Purpose: The graph store is the backbone of the retrieval system. Components and their dependency/enhancement/conflict relationships form a directed graph that PPR traverses to find relevant component sets. The Protocol abstraction ensures the NetworkX backend can be swapped for FalkorDB/KuzuDB later without changing any calling code.

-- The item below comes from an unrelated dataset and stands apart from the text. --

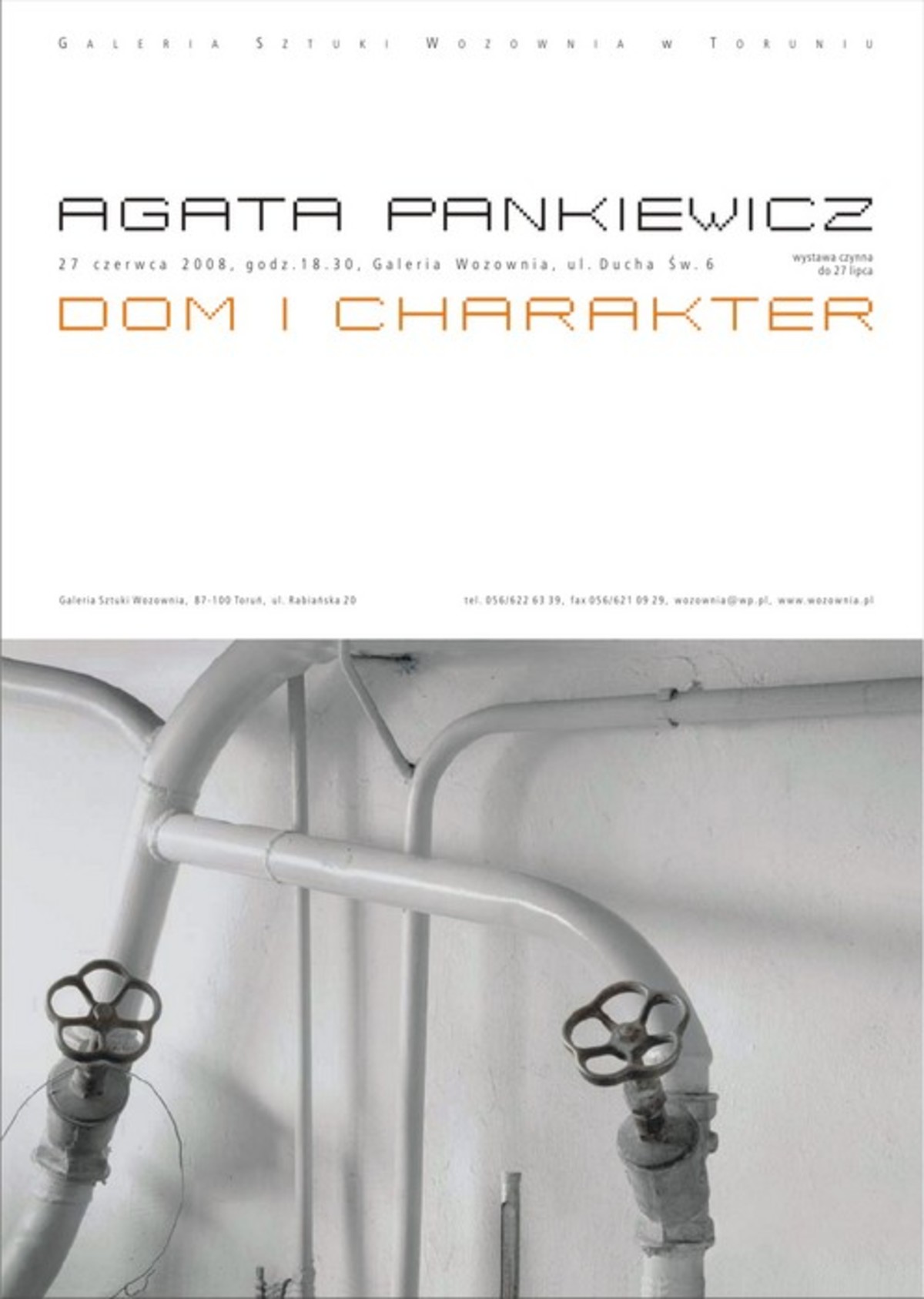 Na projekt Agaty Pankiewicz składają się trzy zestawy prac: widoki domów o zaskakujących elewacjach otoczonych nierzadko ogrodzeniami; sterylne kadry minimalistycznych wnętrz oraz zdjęcia destruktów industrialnych stanowiących pozostałości czegoś nie powstałego, bądź już minionego. W efekcie powstaje przestrzeń nasycona wrażeniem izolacji, pustką i niepewnością towarzyszącą współczesnemu człowiekowi. Jednocześnie, zaskakujące swą dziwacznością elewacje domów staja się figurami wyrażającymi ignorancję i osamotnienie codziennej egzystencji. Ich deformacje, przywodząc na myśl kalectwo budzące litościwe współczucie, czasem nawet sympatię – zdaja się Stanowic zaprzeczenie idei piękna wyrażanego poprzez dążenie do harmonii pomiędzy wykreowanym a naturalnym – jak gdyby przepowiadając kres cywilizacji. W serii widoków fragmentów wnętrz, o prostej do identyfikacji funkcji spotykamy innego rodzaju napięcie wynikające z wyizolowania detalu i całkowitej redukcji intymności.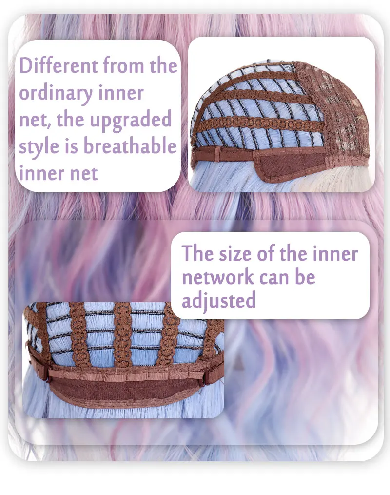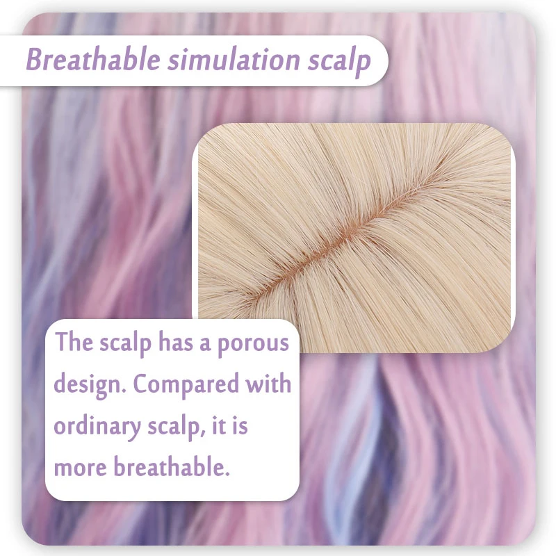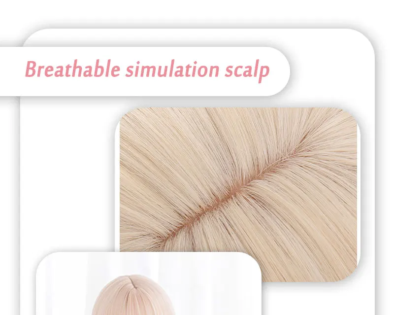 ★Имитация дышащей кожи головы (Кожа головы имеет пористый дизайн. По сравнению с обычной кожей головы, она более дышащая. Имитация дизайна кожи головы. Сделайте парик более естественным.) ★Высококачественный термостойкий матовый шелк ● Дышащая Внутренняя сетка ●Длина 58 см

Output: `graph_store.py` with Protocol + implementation, tests, networkx dependency added to pyproject.toml
</objective>
<execution_context>
@C:\Users\33641\.claude/get-shit-done/workflows/execute-plan.md
@C:\Users\33641\.claude/get-shit-done/templates/summary.md
</execution_context>
<context>
@.planning/PROJECT.md
@.planning/ROADMAP.md
@.planning/STATE.md
@.planning/phases/03-memory-layer/03-RESEARCH.md
@src/skill_retriever/entities/graph.py
@src/skill_retriever/entities/components.py
@src/skill_retriever/config.py
</context>
<tasks>
<task type="auto">
<name>Task 1: Add networkx dependency and create GraphStore Protocol + NetworkXGraphStore</name>
<files>
pyproject.toml
src/skill_retriever/memory/__init__.py
src/skill_retriever/memory/graph_store.py
</files>
<action>
1. Add `networkx>=3.6.1` to pyproject.toml dependencies array. Run `uv sync` to install.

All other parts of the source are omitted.